In an embodiment, the UE, without measuring ACI, switches to using the second receiver configuration, and sends the capability update message to the network.

In an embodiment, there is a single bandgroup that shares Rx chains. In this case, the reduction in the UE's CA combinations affect the single bandgroup, which may be indicated in the capability update message. In another embodiment, there may be shared Rx chains (e.g. shared ABBs) between many bandgroups (e.g. low-band group, mid-band group, high-band group).

Some advantages of the solutions presented above include introducing simple and manageable approach for the UE and the network to exchange band combination reconfiguration, allow the UE to make use of downlink based on ACI inputs for irregular bandwidth configurations and/or non-contiguous intra-band carrier aggregation configurations, avoiding updating the entire band combination list on the UE and grant the UE with opportunities to transfer the updated supported configurations to the network based on ACI inputs. It is also noted that the network may evaluate if the reported events from the UE should be regarded in the evaluation to remove a certain band combination.

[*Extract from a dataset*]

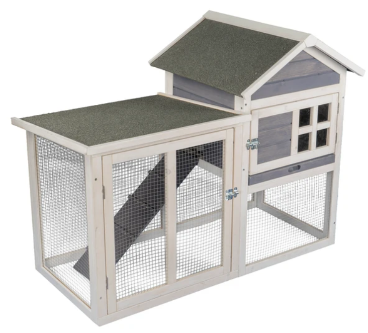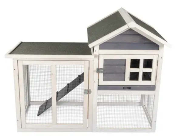A cute and spacious outdoor haven for rabbits or guinea pigs, allowing them to enjoy fresh air and grass while staying protected.

The solutions may enable the network and the UE to exchange information of the ACI when the ACI is determined to impact the UE, which may be important when an irregular channel bandwidth is configured by the network to serve one UE. It may be noted that the cause of the update message indicated to the network may enable the network to establish the best action for future reconfigurations, i.e. whether to overrule capability limitations or not, whether to reconfigure away from the usage of irregular BW/non-contiguous intra-band CA due to channel conditions, etc.

An embodiment, as shown in FIG. 16, provides an apparatus 10 comprising a control circuitry (CTRL) 12, such as at least one processor, and at least one memory 14 storing instructions that, when executed by the at least one processor, cause the apparatus at least to carry out any one of the above-described processes. In an example, the at least one memory and the computer program code (software), are configured, with the at least one processor, to cause the apparatus to carry out any one of the above-described processes. The memory may be implemented using any suitable data storage technology, such as semiconductor-based memory devices, flash memory, magnetic memory devices and systems, optical memory devices and systems, fixed memory and removable memory. The memory may comprise a database for storing data.

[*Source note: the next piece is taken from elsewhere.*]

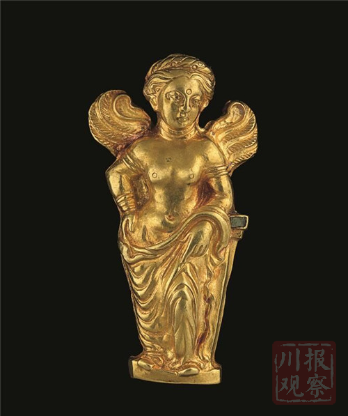 由于大月氏与邻国的往来较为频繁,在蒂拉丘地除了发现有大量游牧民族的文化元素外,文化交流的痕迹也在蒂拉丘地表现得十分显著。本单元展品中,有一尊黄金制成的“阿芙洛狄特金饰”。

In an embodiment, the apparatus 10 may comprise the terminal device of a communication system, e.g. a user terminal (UT), a computer (PC), a laptop, a tabloid computer, a cellular phone, a mobile phone, a communicator, a smart phone, a palm computer, a mobile transportation apparatus (such as a car), a household appliance, or any other communication apparatus, commonly called as UE in the description. Alternatively, the apparatus is comprised in such a terminal device. Further, the apparatus may be or comprise a module (to be attached to the UE) providing connectivity, such as a plug-in unit, an “USB dongle”, or any other kind of unit. The unit may be installed either inside the UE or attached to the UE with a connector or even wirelessly.

In an embodiment, the apparatus 10 is or is comprised in the UE 120. The apparatus may be caused to execute some of the functionalities of the above described processes, such as the steps of FIG. 6.

The apparatus may further comprise a radio interface (TRX) 16 comprising hardware and/or software for realizing communication connectivity according to one or more communication protocols. The TRX may provide the apparatus with communication capabilities to access the radio access network, for example.

The apparatus may also comprise a user interface 18 comprising, for example, at least one keypad, a microphone, a touch display, a display, a speaker, etc. The user interface may be used to control the apparatus by the user.

The control circuitry 12 may comprise an ACI measurement circuitry 20 for measuring ACI, according to any of the embodiments. The control circuitry 12 may further comprise a receiver configuration determination/selection circuitry 22 for selecting which receiver configuration to use, according to any of the embodiments.

An embodiment, as shown in FIG. 17, provides an apparatus 50 comprising a control circuitry (CTRL) 52, such as at least one processor, and at least one memory 54 storing instructions that, when executed by the at least one processor, cause the apparatus at least to carry out any one of the above-described processes. In an example, the at least one memory and the computer program code (software), are configured, with the at least one processor, to cause the apparatus to carry out any one of the above-described processes. The memory may be implemented using any suitable data storage technology, such as semiconductor-based memory devices, flash memory, magnetic memory devices and systems, optical memory devices and systems, fixed memory and removable memory. The memory may comprise a database for storing data.

In an embodiment, the apparatus 50 may be or be comprised in a network node, such as in gNB/gNB-CU/gNB-DU of 5G. In an embodiment, the apparatus is or is comprised in the network node 110. The apparatus may be caused to execute some of the functionalities of the above described processes, such as the steps of FIG. 13.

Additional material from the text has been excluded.